Low food security is associated with negative developmental outcomes in infants and toddlers.6 Persistently low food security in early childhood is associated with long-term lower health status.7 For children at school age, this can adversely affect academic performance, weight gain, and social skills.8 With the large population of farmworkers in the United States, food security among their families is an important public health issue.

Previous reports of food security for farmworker households have found 20% to 80% to be food insecure.9–14 However, all of these reports have been cross-sectional, and most have used an extended recall period, asking respondents to recall whether their household was food insecure at any time during the past year. Such data provide no information on the duration of food security states or on factors associated with transitions in and out of low food security. Examining food security over time as a dynamic construct is necessary to understand its duration and to develop protective measures for low food security.
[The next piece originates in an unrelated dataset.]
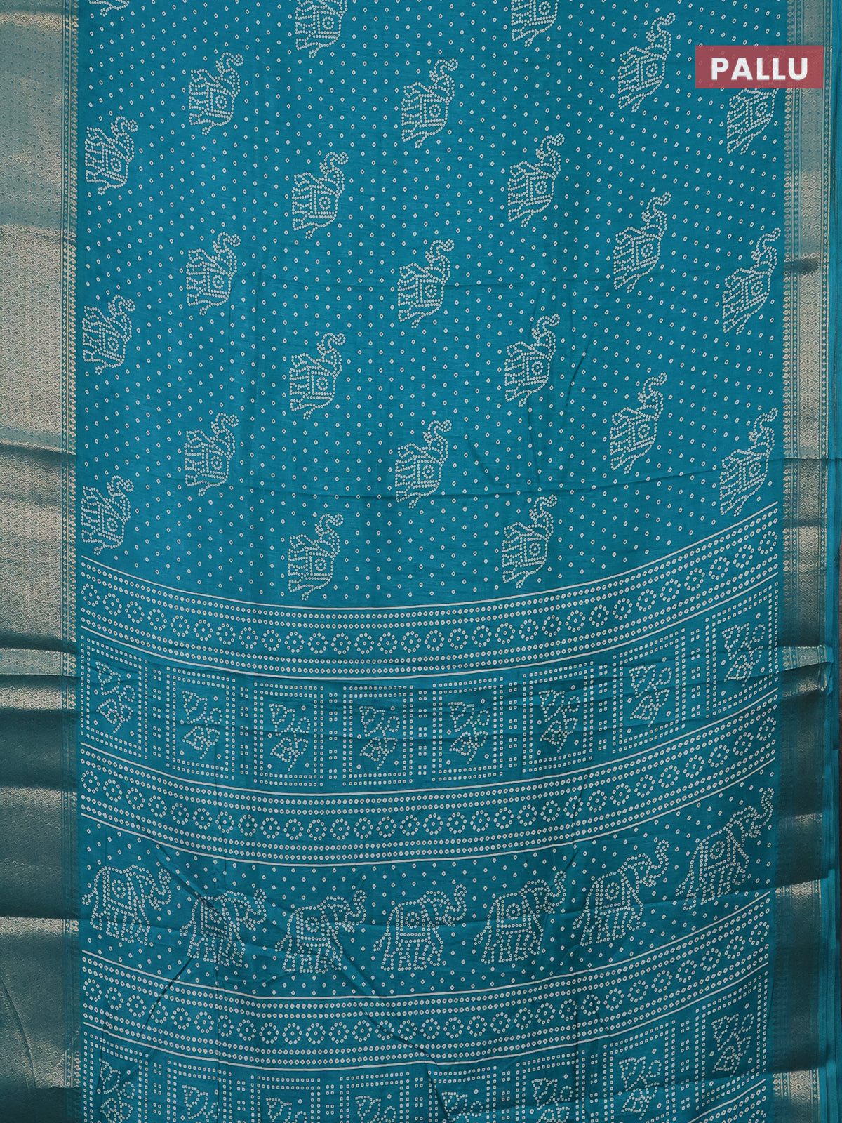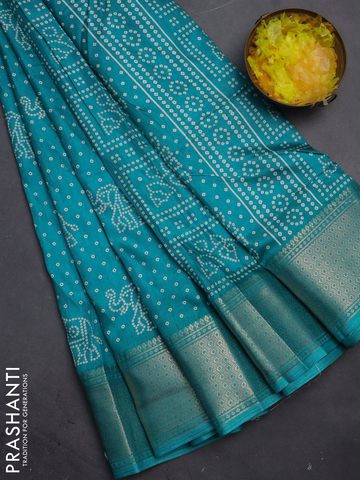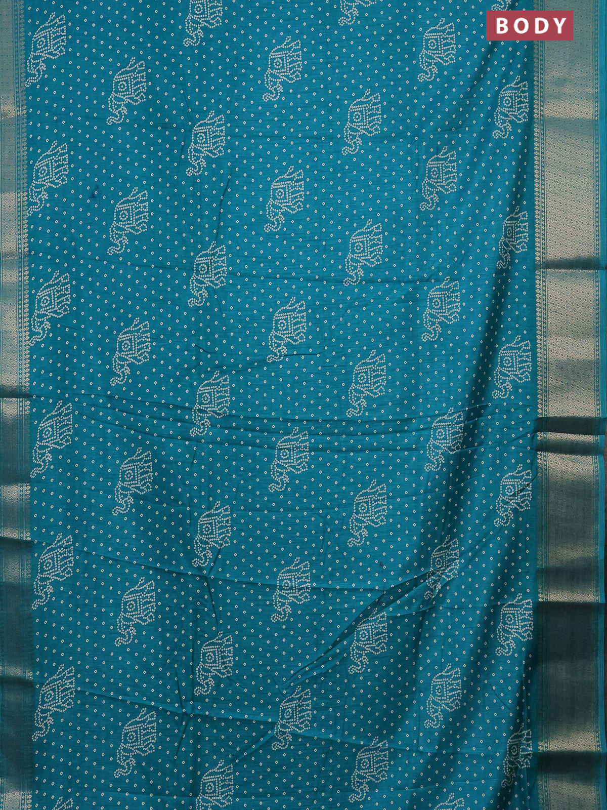 Semi dola saree teal blue with bandhani butta prints and zari woven border

This repeated-measures study gathered data quarterly for 24 months, and examined different states of food security by using the 18-item US Household Food Security Survey Module.15 Instead of constructing a single score, we used the full item set to form a food security profile. The approach allowed us to delineate several different states of food security within the food security profile, and examine the dynamic of change in food security over the 24-month period. The aims of the study were to (1) describe multiple states of food security of farmworker households, (2) identify factors associated with the different food security states, and (3) delineate the dynamic of change in food security states across a period of 24 months.

METHODS

We used a sample of 248 families from the Niños Sanos study for the current analysis. Niños Sanos is a longitudinal study designed to describe the dietary and physical activity patterns16 of farmworkers’ children across 8 consecutive quarters. We recruited Latino farmworker families with young children in North Carolina. Eligible participants were women who self-identified as Latino, had a 3-year-old (aged from 2.5 years to 3.5 years) coresident child, and had at least 1 member of the household that worked in farm work during the past year.

Sampling

Because no sampling frame of Latino farmworker families exists and because the narrow child age range would require contacting a substantial fraction of the eligible population, we developed a site-based sampling plan17–20 to provide as large a contact base as possible. This approach is appropriate for hard-to-reach populations, and has been used in the investigators’ previous immigrant health research,21–23 based on well-developed relationships with farmworker-serving institutions. “Sites” are organizations or locations with which members of the target community are associated. All families are likely associated with at least 1 site and most with multiple sites. In this study, site categories (and number of sites within categories) were Head Start and Migrant Head Start Programs (n = 7), migrant education programs (n = 15), community health centers (n = 4), Special Supplemental Nutrition Program for Women, Infants, and Children (n = 1), community partner nonprofit organizations serving Latino immigrants (n = 2), and stores, churches, and events serving predominantly farmworkers (n = 7). In addition, community data collectors conducted door-to-door recruitment in multiple Latino neighborhoods and farmworker camps, and contacted families from previous Latino health studies and from personal networks.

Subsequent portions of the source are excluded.